Reporter

Part:BBa_K861173

Designed by: Kuanwei Sheng, Xian Xia   Group: iGEM12_WHU-China   (2012-09-08)

mRFP generator controlled by PcstA (glucose-repressible promoter)

RFP is controlled by promoter PcstA, which can be activated by CRP-cAMP complex. Therefore RFP will be expressed at low glucose concentration.

Sequence and Features


Assembly Compatibility:
  • 10
    COMPATIBLE WITH RFC[10]
  • 12
    COMPATIBLE WITH RFC[12]
  • 21
    COMPATIBLE WITH RFC[21]
  • 23
    COMPATIBLE WITH RFC[23]
  • 25
    INCOMPATIBLE WITH RFC[25]
    Illegal AgeI site found at 712
    Illegal AgeI site found at 824
  • 1000
    COMPATIBLE WITH RFC[1000]




Vilnius-Lithuania 2019 iGEM team contribution

Vilnius-Lithuania 2019 iGEM team contributed to the description of Part:BBa_K861173 by measuring growth kinetics of bacteria containing this construct in different conditions. Measuring systems dynamics has superior precision compared to single-point measurements and leads to more straightforward application of data to a mathematical model. In the case of this part characterization, knowing the change in output by varying the glucose concentration, allows the part to be used in controlling the protein of interest level in the cell.

Method

For measurements, the iGEM community protocol suggests using LB media. From our experience, a significant drawback is its considerable autofluorescence, which restricts measurement precision, especially for low expression systems. Also, performing measurements in M9 media allows more control in varying the growth environment. For these reasons, we chose to use M9-CA media.

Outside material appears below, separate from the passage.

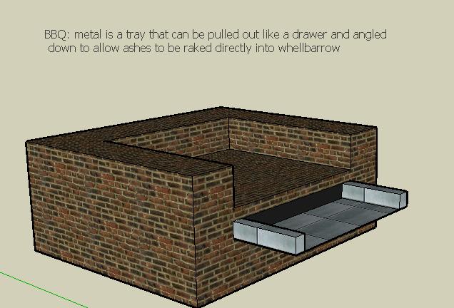 Anyway, I want to add a metal pull out tray which can angle down just under the hearth at the door opening. When ready to rake out the ashes you pull out the tray, angle it into the wheel barrow and rake the whole mess straight in using the tray as a large flat 'funnel'.
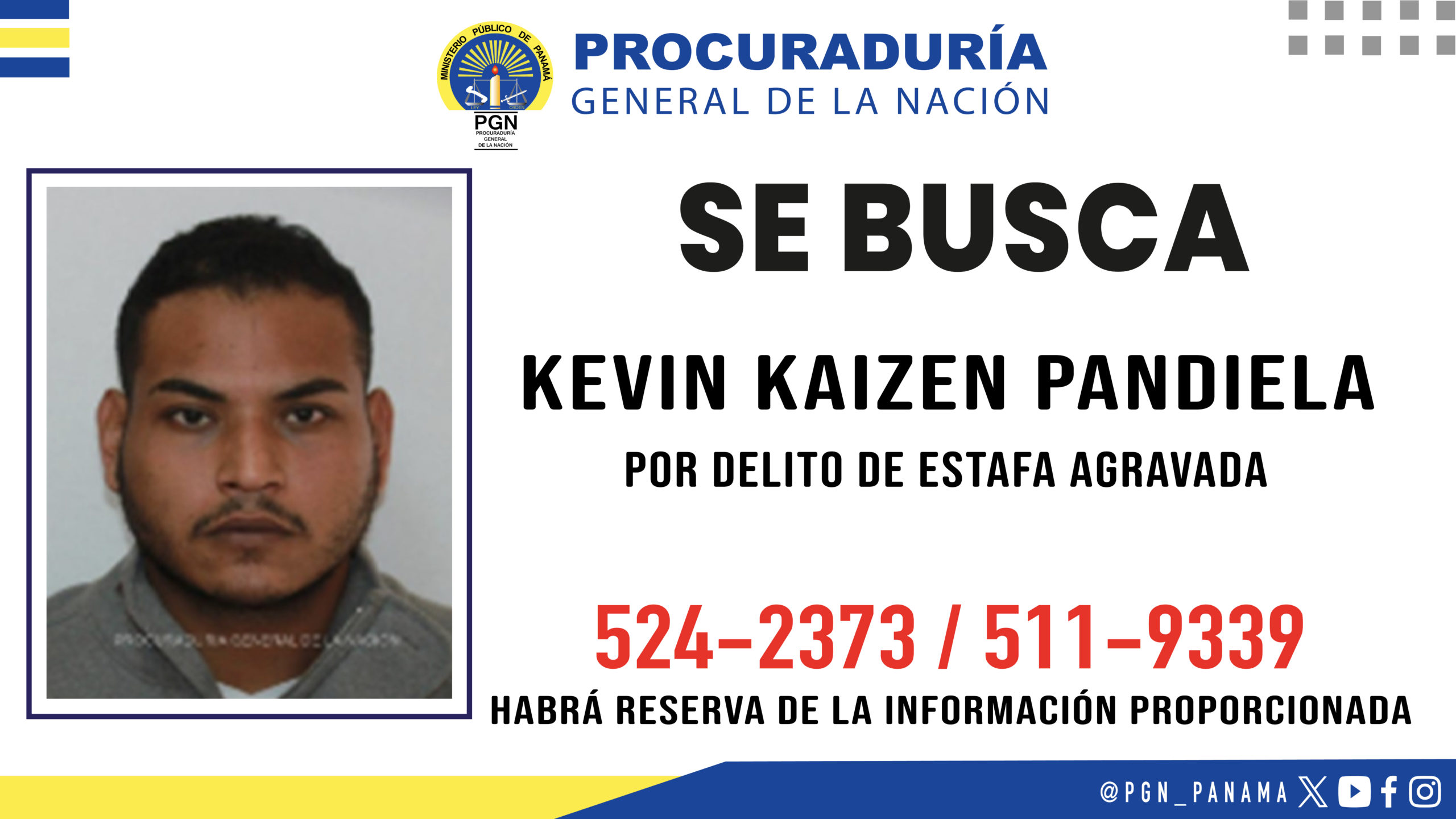 La Sección Tercera de Delitos contra el Patrimonio Económico de la Fiscalía Metropolitana, solicita la colaboración de la ciudadanía para ubicar al señor Kevin Kaizen Pandiela, el mismo está siendo requerido en múltiples investigaciones por la comisión del delito de estafa agravada.

We measured growth kinetics with varying glucose (5%, 2%, 1% 0.4%, 0.1%, 0.01%, 0.001%) and glycerol (0.4%) concentrations by mass. The measurements were done in a microplate reader, points were taken every 30 minutes for 14 hours.

Measurements were conducted at 37°C, E. coli DH5α strain, measurement volume – 100 μL. Two measurements for two different colonies were done.

R code was written for data analysis and visualization.

Full experimental protocol and microplate reader settings can be found here.

Full R code can be found here.

The results

A 9 fold difference was observed between bacteria, grown in M9-CA, containing 5% and 0% glucose. Also, a difference in output, when grown in glucose and glycerol containing media can be seen, which can be explained by the difference in by the metabolic pathways used by the tested cells.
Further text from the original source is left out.